A long time ago in a galaxy far, far away….

The CE mark was created. But what is it?

The definition according the the EU website is:

The letters ‘CE’ appear on many products traded on the extended Single Market in the European Economic Area (EEA). They signify that products sold in the EEA have been assessed to meet high safety, health, and environmental protection requirements.

Please note that a CE marking does not indicate that a product have been approved as safe by the EU or by another authority. It does not indicate the origin of a product either.
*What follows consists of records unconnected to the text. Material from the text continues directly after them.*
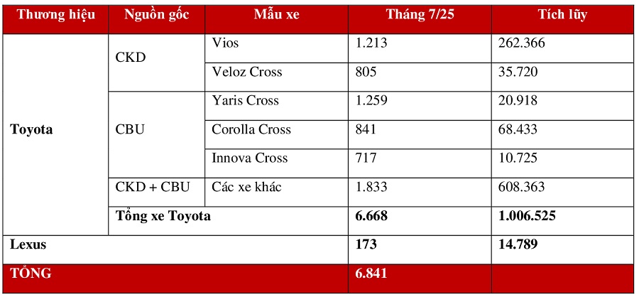 Cụ thể, doanh số toàn quốc của các mẫu xe Toyota đạt 6.668 xe, bao gồm 2.397 xe lắp ráp trong nước và 4.271 xe nhập khẩu nguyên chiếc. Tính đến hết tháng 7 năm 2025, Toyota đã bàn giao tổng cộng gần 36 nghìn xe đến tay khách hàng, ghi nhận mức tăng trưởng ấn tượng 25% so với cùng kỳ năm 2024.
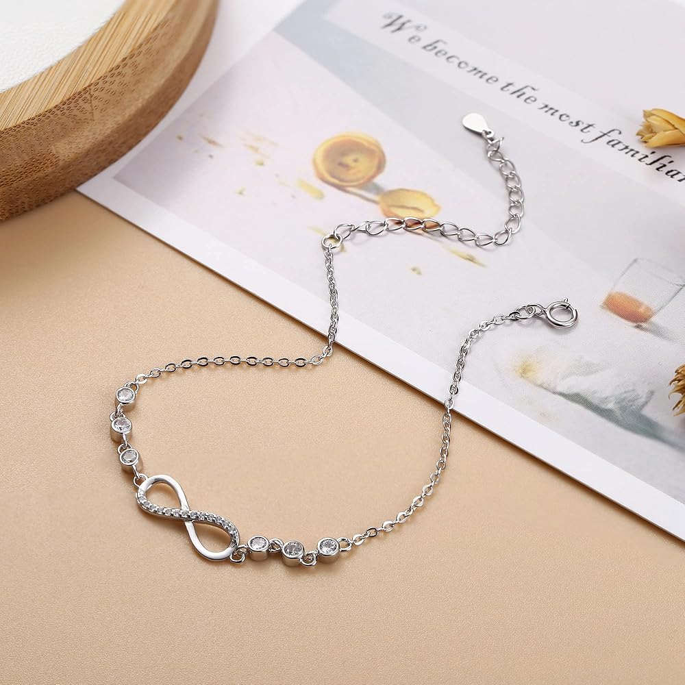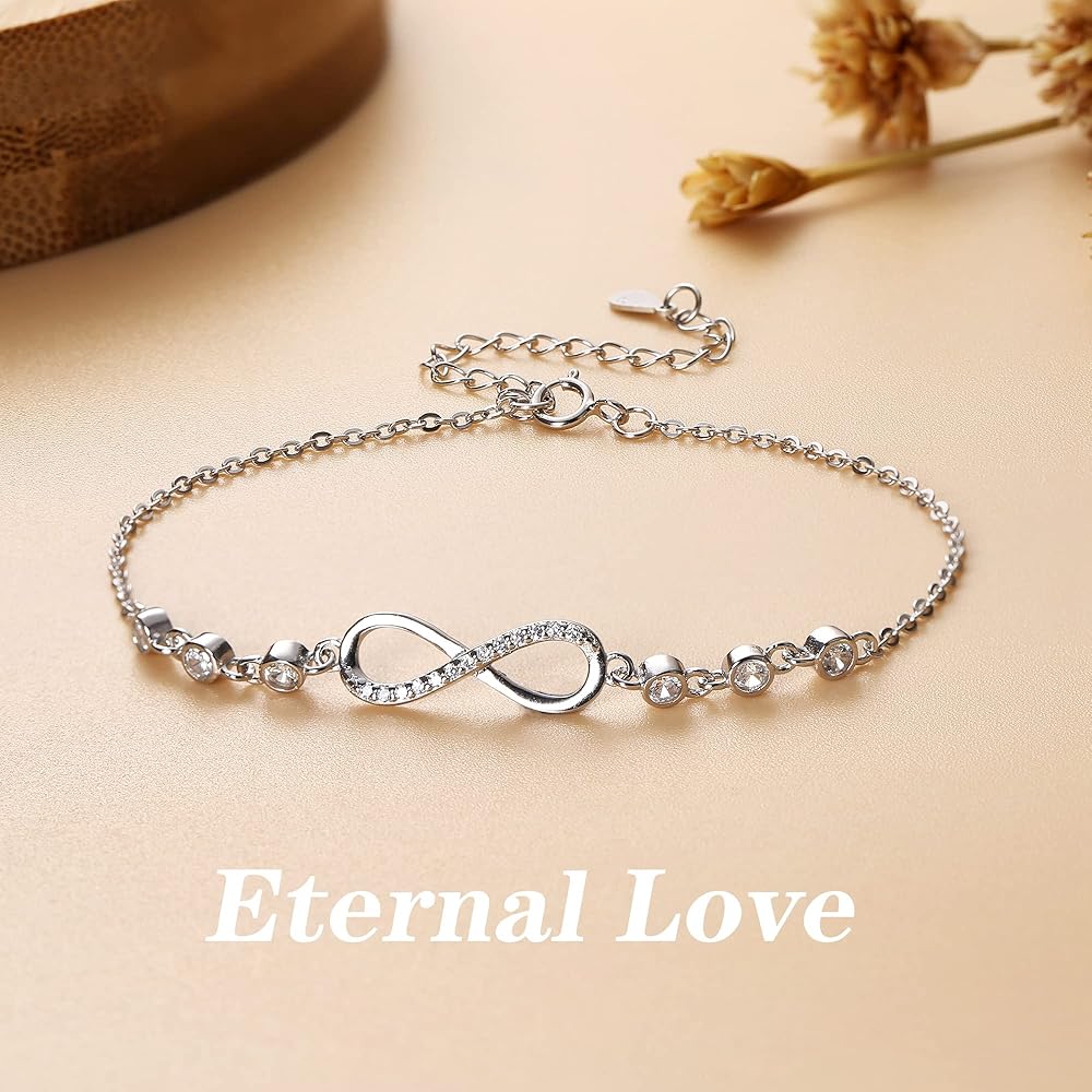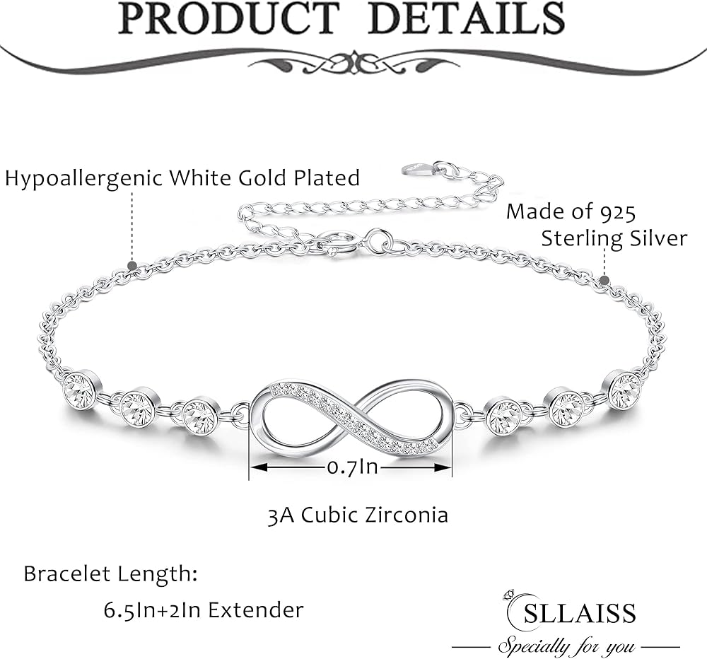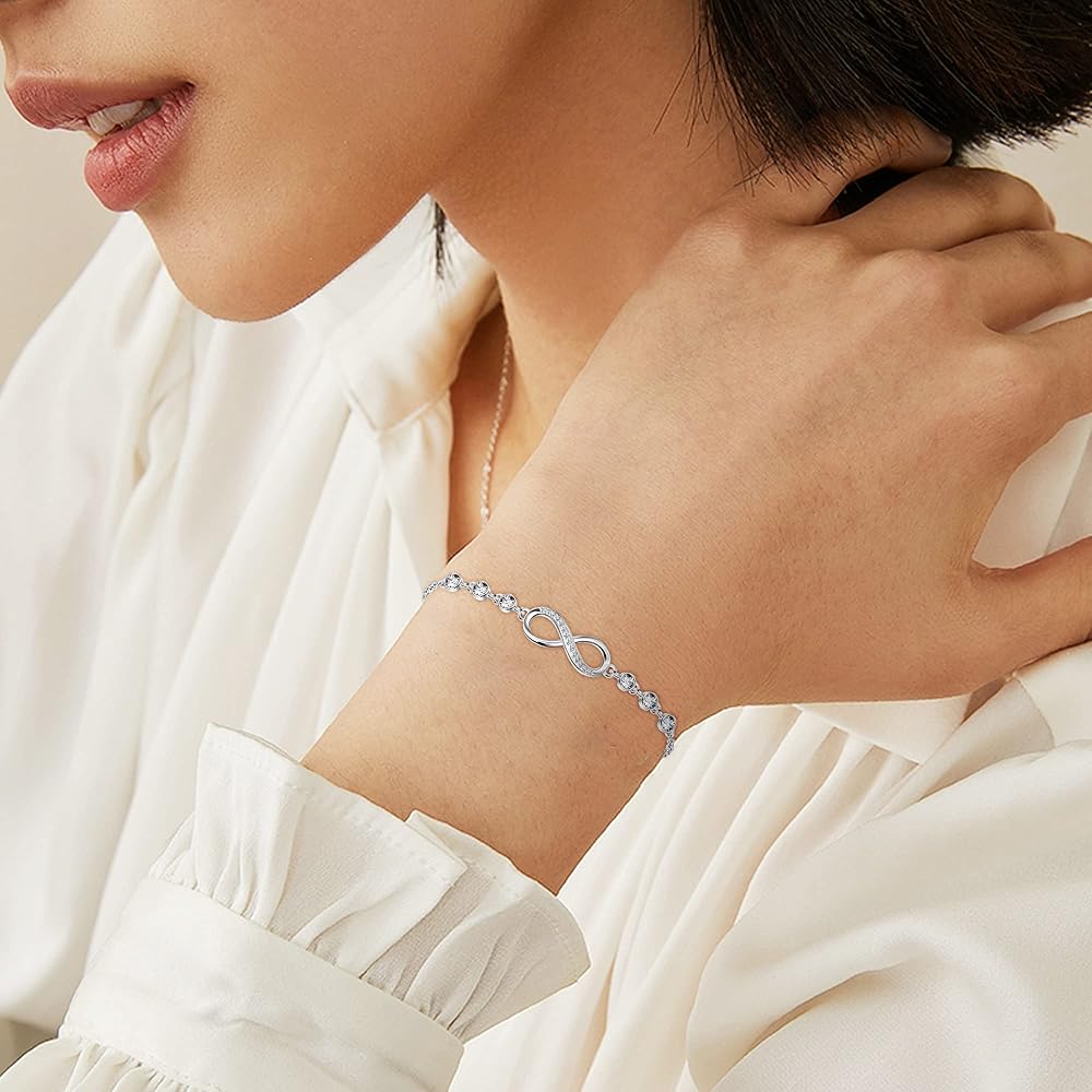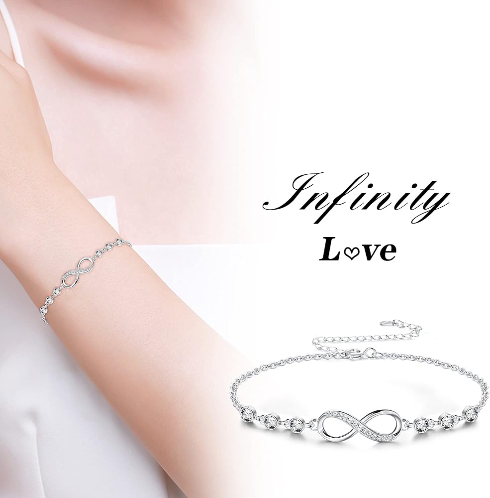 💕 الأبعاد 💕 حجم الشكل اللامتناهي--0.7/0.5 بوصة. الطول الإجمالي للسلسلة - 6+2 بوصة، سلسلة قابلة للتعديل مؤمنة بمشبك حلقة زنبركية. مناسب للحياة اليومية والمدرسة والعمل والمكتب والمواعيد والعشاء والحفلات وغيرها من المناسبات الخاصة، سوار الزركونيا الفضي الاسترليني هو إكسسوار الموضة المثالي لأي امرأة من جميع الأعمار وهذا البعد مناسب لمعظم الأشخاص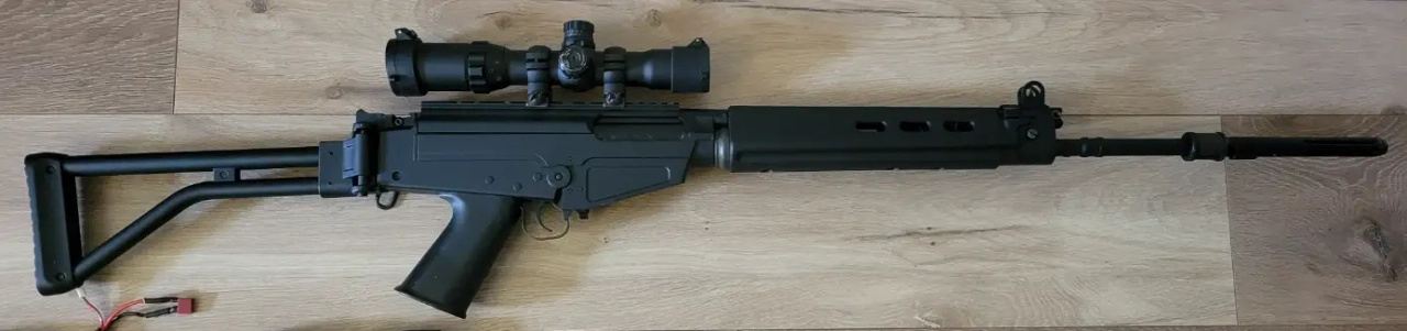 - Fal Para (crosse pliante) full lenght (canon long) de la marque King Arms, valeur d'achat à neuf à l'époque 450€, aujourd'hui introuvable. La carcasse est entièrement en métal, réplique de très belle qualité, robuste, et que l'on ne croise jamais en partie.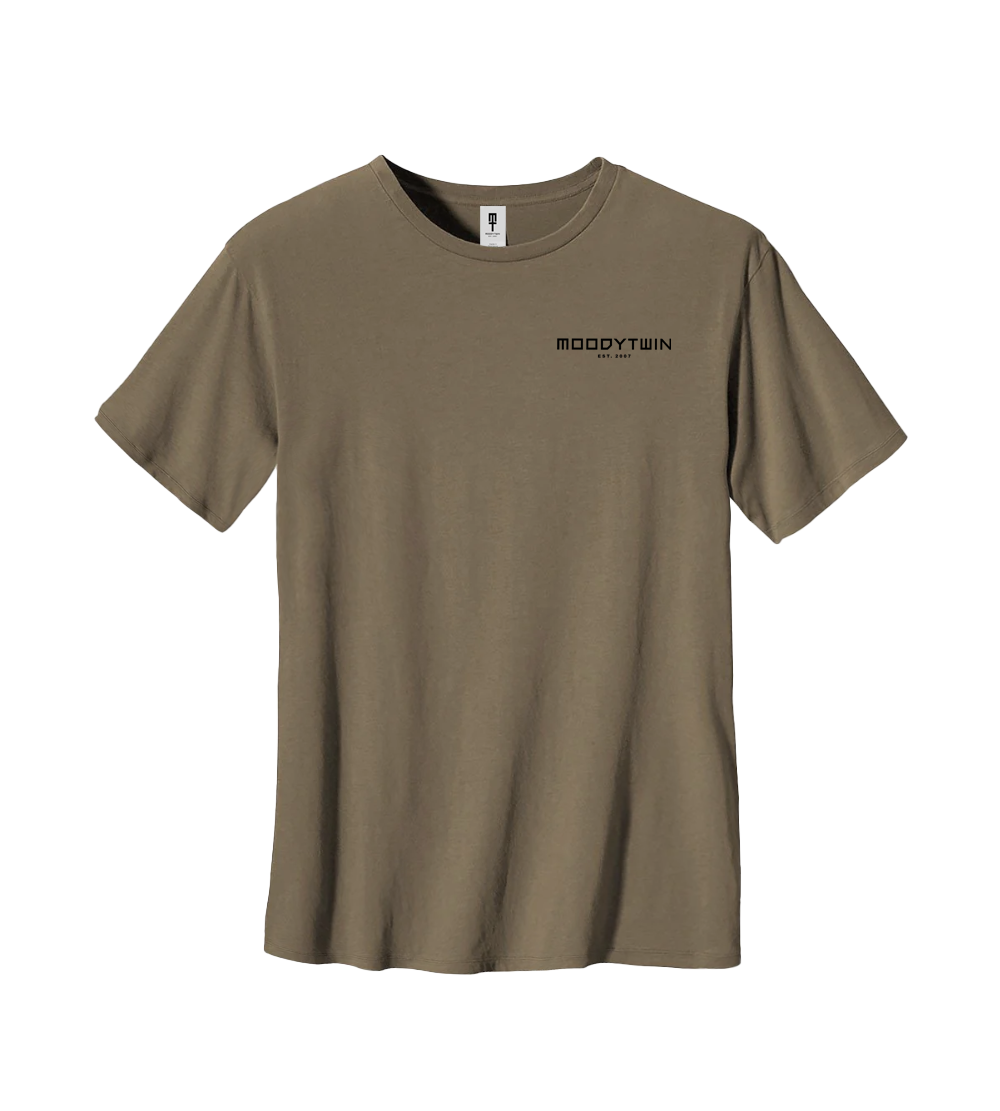 This Classic T-shirt features a boxier cut and very soft heavyweight material. Featuring an embroidered Moodytwin signature. This T-shirt is eco-conscious, it's knit from 100% cotton, and it's great for the environment.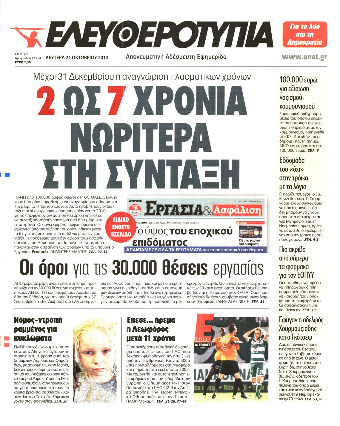 Το πρωτοσέλιδο της ημέρας 21/10/2013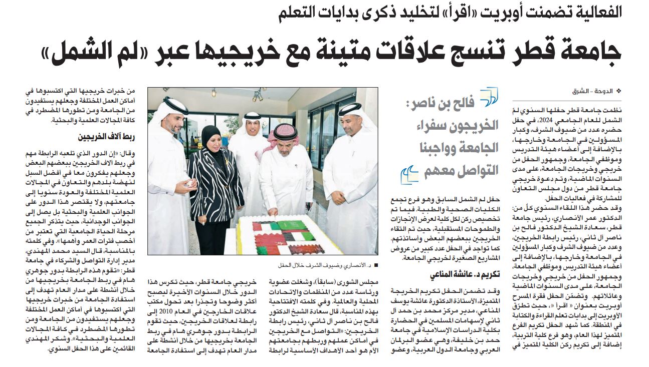 "جامعة قطر تنسج علاقات متينة مع خريجيها عبر "لم الشمل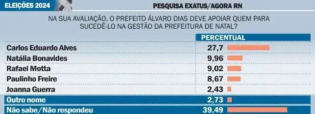 Quanto à aprovação da gestão Eraldo Paiva, 51% dos entrevistados aprovam, 44,8% desaprovam, 4,2% não sabem ou não quiseram opinar.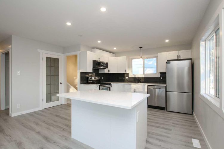 IMMEDIATE POSSESSION AVAILABLE ~ RENOVATED & FULLY DEVELOPED 4 BED + DEN, 2 BATH BUNGALOW ~ DOUBLE DETACHED GARAGE & RV PARKING ~ This stylishly renovated home is move in ready and features new windows, flooring, paint, hot water tank (2024), furnace (2024), kitchen and bathrooms, garage shingles (2025), house shingles (2019) ~ The open concept main floor layout features vinyl plank flooring and an abundance of south and west facing windows that fill the space with natural light ~ The kitchen offers plenty of white cabinets, tons of stone counter space including an island with an eating bar, full tile backsplash, window above the sink and a wall pantry ~ The primary bedroom can easily accommodate a king size bed and has ample closet space ~ Two additional main floor bedrooms are both a generous size ~ Updated 4 piece bathroom has built in shelving and a convenient laundry chute ~ Mud room with separate entry and access to the backyard and the fully developed basement ~ Spacious family room has recessed LED lighting ~ 3 piece bathroom with a walk in shower and linen closet ~ 4th bedroom, den with a closet, laundry and ample storage complete the basement ~ The backyard is landscaped with mature trees, shrubs and perennials and is fully fenced with back alley access ~ 24' x 24' detached garage with two overhead doors has a large gravel parking pad with space for an RV ~ Front drive offers additional off street parking ~ Located close to multiple schools, parks, playgrounds, GH Daw Centre with public swimming, skating and more ~ Walking distance to all other amenities including shopping, dining, medical ~ Easy access to downtown and Highway 2. (id:26452)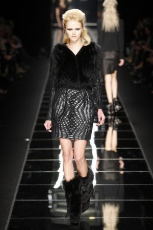 Gucci: nuvole di pelliccia colorata, trasparenze impalpabili, accenti maschili, tocchi in vernice da lady misteriosa ma sempre ironica. Per la stagione autunno/inverno 2011-12 la donna Gucci è una donna dalla personalità decisa, cesellata dalla cura dei dettagli. Vezzosi i tagli sartoriali e proporzioni seventies estremizzate. Le linee si allungano fino sotto il ginocchio e si svasano. Il lato maschile torna con pantaloni extra-wide e la gonna-pantalone.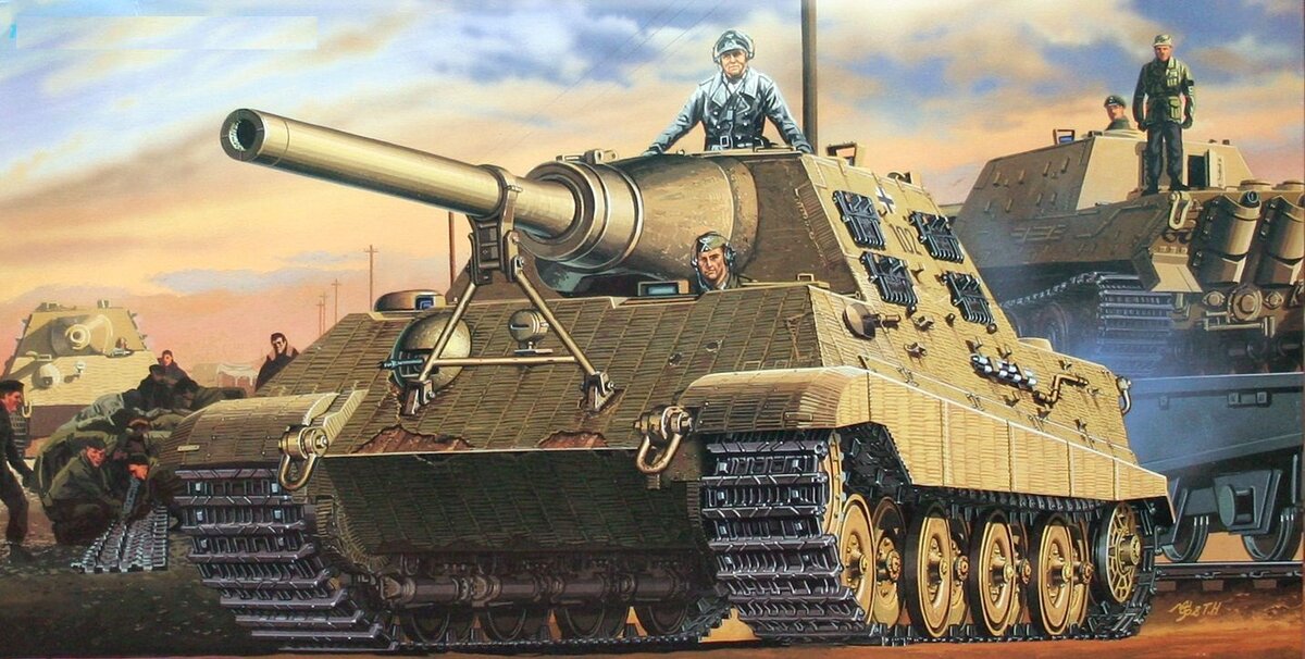 Ягдтигр – яркий представитель семейства «тигров». История этого истребителя танков начинается вместе с историей «Королевского тигра». Разработка одной из самых мощных САУ своего времени началась после прямого распоряжения Гитлера. Когда 20 октября 1943 года первый макет, сделанный из дерева, представили главе Третьего Рейха, тот пришел от него в восторг. Тут же был сделан заказ на изготовление 100 моделей. Изготовление первой реальной моделей занялись две немецких компании: Порше и Хеншель. И несмотря на то, что Порше первыми изготовил легкую и простую в производстве модель, Хеншель через интриги в итоге смогли получить главный заказ себе, хотя их модель была откровенно «сырая». И так, к началу февраля 1944 года было изготовлено первые 12 моделей, как оказалось это максимум, который может производить германская промышленность. Ведь заводы Хеншель уже давно подвергались бомбардировкам, да и было огромное количество других заказов. Так что в итоге удалось выпустить всего 79 моделей.

If we dig into what’s known as the “Blue Guide” we can see that for continuous glucose devices it means, well, not a lot. There’s nothing specific in the guide about them. Instead we have to refer to the Medical Devices standards which say:

Devices shall achieve the performance intended by their manufacturer
and shall be designed and manufactured in such a way that, during
normal conditions of use, they are suitable for their intended purpose.
They shall be safe and effective and shall not compromise the clinical
condition or the safety of patients, or the safety and health of users or,
where applicable, other persons, provided that any risks which may be
associated with their use constitute acceptable risks when weighed
against the benefits to the patient and are compatible with a high level
of protection of health and safety, taking into account the generally
acknowledged state of the art.

Diagnostic devices and devices with a measuring function, shall be
designed and manufactured in such a way as to provide sufficient
accuracy, precision and stability for their intended purpose, based on
appropriate scientific and technical methods. The limits of accuracy
shall be indicated by the manufacturer.

It’s clear that “appropriate methods” are not defined.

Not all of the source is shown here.